The panel, whose objective is to advise on the implementation of a legal psilocybin therapy program, released a report in July that reviewed studies on psilocybin. The report had concluded that psilocybin held significant therapeutic value for various mental health conditions, having demonstrated its effectiveness in decreasing anxiety and depression as well as some life-threatening conditions.
This new project will cover a lot more ground and will take about six months to complete. The researchers tasked with producing the comprehensive report will examine how psilocybin prohibition has impacted marginalized communities and how reform laws in the state of Oregon could affect the communities. The research proposal states that the project will only analyze and review existing research and notes that potential sources of data include narrative descriptions of psilocybin use, psychological and medical literature from the mid-20th century, bioethics literature, religious scholarship, anthropology literature, historical information on the use of psilocybin by indigenous communities, legal scholarship, legislative materials and public health data.
However, before any recommendations included in this comprehensive report are submitted to Oregon Health Authority regulators for consideration, they will have to be approved by the board.
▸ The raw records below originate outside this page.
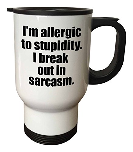 3dRose tm_171937_1 I'm Allergic to Stupidity I Break Out in Sarcasm Travel Mug, 14 oz, White
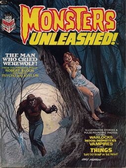 remarques: | a serie of 11 issues from August 1973 to April 1975, black and white, 76 pages, 75 cents only the 5 first issues are collected here with the logo Marvel Monster Group on the cover Monsters unleashed no 1, serie 2188, 1973 cover Gray Morrow 1/ the man who cried Werewolf the man becoming a wolf by Gerry Conway and Pablo Marcos 2/ the thing in the freezer 3/ vampire tale 4/ Solomon Kane, skulls in the stars by Roy Thomas and Ralh Reese 5/ portrait of a werewolf by Tony Isabella 6/ one foot in the grave 7/ the fake 8/ world of warlocks by Roy Thomas and Gene Colan Information the first publication titled Monsters Unleashed was an American black-and-white horror comics magazine published by Magazine Management, a corporate sibling of Marvel Comics, the series ran 11 issues cover-dated 1973 to April 1975 plus one annual publication, with sister titles including Dracula Lives, Tales of the Zombie and Vampire Tales, it was published by Marvel Comics' parent company, Magazine Management and related corporations, under the brand emblem Marvel Monster Group, the first issue was dated simply 1973, but the second issue of the magazine, published quarterly, was cover-dated September 1973 a magazine rather than a comic book, it did not fall under the purview of the comics industry's self-censorship Comics Code Authority, allowing the title to feature stronger content — such as moderate profanity, partial nudity, and more graphic violence — than color comics of the time Monsters Unleashed primarily featured standalone horror stories, both original and reprinted, including from pre-comics Code comics from Marvel Comics' 1950s iteration (new version), Atlas Comics occasionally featured stories starring the Marvel Comics swamp monster Man-Thing, the Marvel version of the Frankenstein monster, the bestial Wendigo, the science-fiction adventurer Gullivar Jones and the superheroine Tigra, it also included text features on monster movies Monsters Unleashed was edited by Roy Thomas for the first six issues, succeeded by Tony Isabella, and then Don McGregor for the last two issues, the painted covers were illustrated by the likes of Gray Morrow, Boris Vallejo, Neal Adams, Frank Brunner, Bob Larkin, Richard Hescox, Earl Norem, and Jose Antonio Domingo in addition to the 11 issues there was one annual publication in 1975 consisting completely of stories reprinted from the magazine |
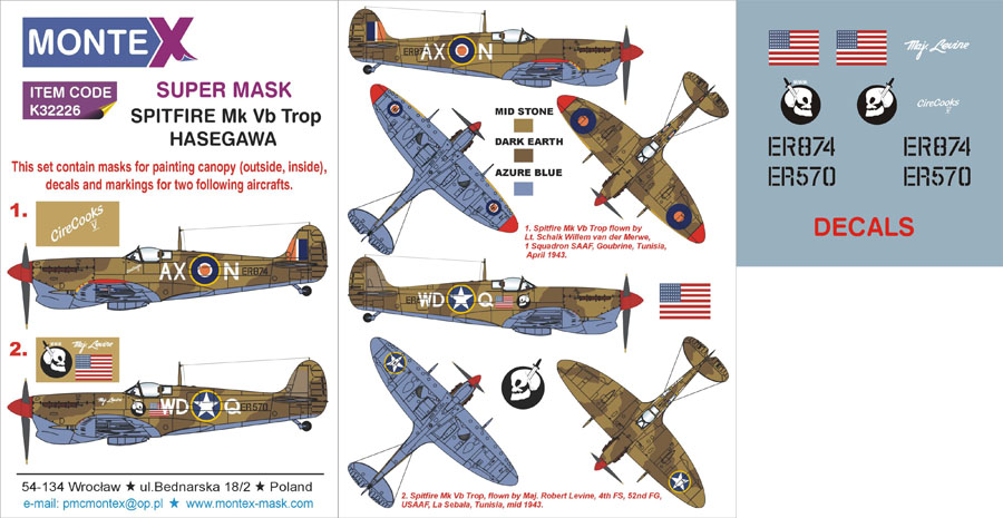 Supermarine Spitfire Mk.Vb Trop (canopy frame paint masks (inside and outside)) insignia and markings masks + decals (designed to be used with Hasegawa kits)

In the interview, Marks added that it was important to include the practices and views of Indigenous communities as their ways were the foundation of the psychedelic industry. He explained that some cultures had used psychedelic substances such as psilocybin for centuries or even a few millennia, noting that this made them authorities in the psychedelics space and, as such, their expertise should be respected as well as acknowledged.
The report, which has been christened the Ethical Legal and Social Implications Report, will also cover how various jurisdictions have reformed laws that govern psilocybin, how the entheogenic substance could affect overdose and addiction rates, what community-based rituals have been established around the entheogen, how cultural attitudes towards psilocybin have changed over time and how the psychedelic affects communities.
The emergence of institutions giving attention to psychedelic policy and law matters is a good development since it complements the work being done by companies such as Cybin Inc. (NEO: CYBN) (NYSE American: CYBN) as they seek to discover medicinal formulations made from various psychedelic compounds.